Este año, la compañera Ruth a sus 88 años de edad, promete estar con nosotros, la recibiremos con los brazos abiertos por que en este largo tiempo ha tenido un compromiso ejemplar con las comunidades de Chiapas, donde la solidaridad se ha expresado siendo ella una compañera de lucha para con los Pueblos y para con nosotros, donde quiera que se encuentre, desde aquí la abrazamos y le esperaremos siempre.

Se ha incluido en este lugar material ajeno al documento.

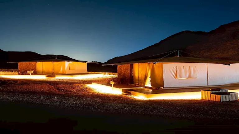 ويتميز بخيام أنيقة مجهزة بمكيفات هواء، حمامات خاصة، وحتى “جاكوزي” في بعض الوحدات.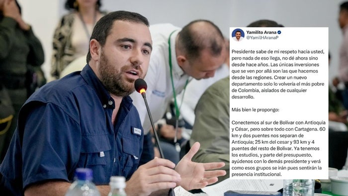 Ante esto, en las últimas horas el presidente Gustavo Petro propuso la creación de un nuevo departamento; sin embargo, el mandatario de los bolivarenses respondió que no considera sea esta la mejor opción, e incluso, entregó una nueva propuesta vial con la que considera que se conectarían mejor los 3 departamentos involucrados.

No queremos dejar pasar la oportunidad de agradecer a las organizaciones igualmente solidarias: Direkte Solidarität mit Chiapas, Paece Wacht Switzerland, entre otras compañeros y compañeras del pueblo suizo que han actuado en la defensa de los derechos humanos en Chiapas, gracias por su trabajo y compromiso desde acá le mandamos un grande abrazo, es por ello que es tan grato para nosotros en este día estar con el Embajador Eric Mayoraz y demás integrante de la embajada con quienes esperamos continuar con una colaboración para para la defensa de los derechos humanos en Chiapas.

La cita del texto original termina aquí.